1. Field of the Invention
The present invention relates to a method for operating a magnetic resonance tomography apparatus of the type having a shim coil arrangement and a gradient coil arrangement, whereby, in order to generate an image dataset of a region of an examination subject, at least the region that must be imaged is borne in an imaging volume of the device, and an initial shim adjustment procedure is carried out.
2. Description of the Prior Art
In magnetic resonance tomography, the homogeneity of the base magnetic field is a decisive factor with respect to the quality of the magnetic resonance images. Field inhomogeneities of the base magnetic field within the imaging volume of a magnetic resonance tomography system cause geometric distortions of the magnetic resonance image that are proportional to the field inhomogeneities. Field homogeneity is particularly important in sequences known as rapid pulse sequences, such as in echo-planar methods.

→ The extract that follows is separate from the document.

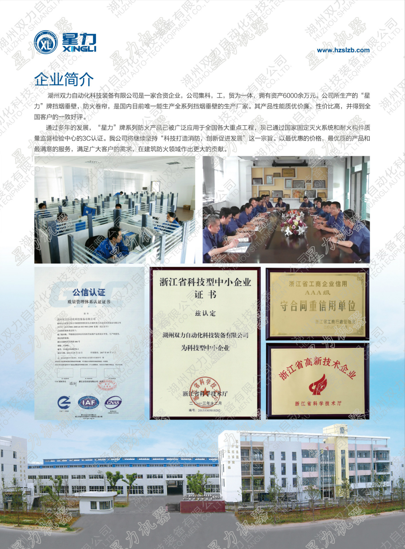 湖州双力自动化科技装备有限公司是一家合资企业,公司集科,工,贸于一体,财产超过6000万元。该公司的“兴利”牌防烟墙和防火百叶窗是中国唯一可生产全系列防烟墙的制造商。其产品质量高,价钱低,性价比高,取得了全国客户的一致好评。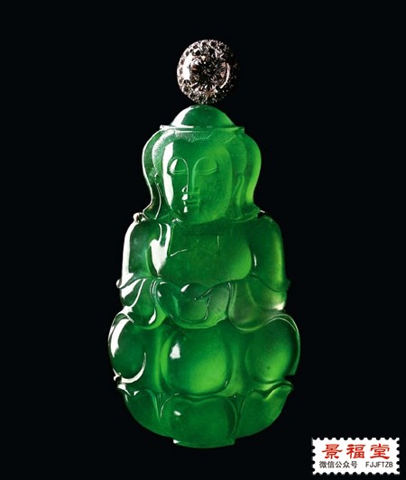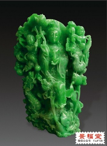 在2011的保利拍卖会中,这件满绿童子观音拍出了1.456亿元的天价。时隔一年,这件翡翠摆件再次以4.746亿拍卖成交。这件翡翠雕件的尺寸为30厘米×19厘米×11厘米,总重量为7750克。整个雕件,质地细腻,呈亚透明色,工艺也非常好,据专业部门评定,质量等级为珍品三级。拍品的雕工精细,比例匀称,线条流畅,抛光均匀洁净,体量较大,非常罕见。

Measures to improve the base magnetic field homogeneity are referred to as shimming. There are passive and active shim measures. In passive shimming, a number of iron plates are attached in the examination space of the magnetic resonance tomography system in an appropriate arrangement. The base magnetic field in the imaging volume is measured prior to attaching the iron plates. From the measured values, a computer program calculates the appropriate number and arrangement of the iron plates.
In active shimming, correction coils which homogenize the base magnetic field, known as shim coils, are provided in a shim coil arrangement. To operate the shim coil arrangement, a power pack that delivers highly constant and reproducibly adjustable direct currents is needed. The shim coil arrangement is used for fine correction whenever a very high homogeneity is needed, for instance to correct field distortions that are caused by the susceptibility of an examination subject.
As is known from German Patent 195 11 791, corresponding to U.S. Pat. No. 5,614,827, the base magnetic field in the imaging volume can be described by coefficients of spherical harmonic functions. This patent also teaches that linear base magnetic field deviations, i.e. first-order field disturbances, can be compensated by charging gradient coils with an offset current. The offset current is a constant current that is superimposed on a current that executes a gradient sequence. To compensate higher-order field inhomogeneities, respective shim coils are provided in correspondence to the order that must be compensated, each such coil essentially compensates the corresponding field disturbance, for which it must be charged with a suitable current. In magnetic resonance tomography, nine shim coils generally suffice even given high requirements, so that, together with the three gradient coils, twelve spherical coefficients that disturb the field homogeneity most severely can be cancelled.
Due to the field-distorting effect of the examination subject, a shim adjustment procedure is performed in the course of generating magnetic resonance images. In this process, the currents for the individual shim coils and the offset currents for the gradient coils are determined once subsequent to positioning the volume of a region of the examination subject that is to be imaged. The shim adjustment procedure is carried out according to the following steps in accordance with the abovementioned patent:
In a first step, two three-dimensional, spatially resolved magnetic resonance raw datasets are defined in the form of two three-dimensional raw data matrices whose phases have different sensitivities to inhomogeneities of the base magnetic field. The first raw data matrix is obtained using a first series of sequences with a first echo time. The same series of sequences is repeated with a second echo time which is larger than the first echo time. The second raw data matrix is obtained therefrom. In the second raw data matrix, base magnetic field inhomogeneities influence the phase of the measured signals more strongly, since the base magnetic field inhomogeneities have a longer effect longer due to the longer echo time.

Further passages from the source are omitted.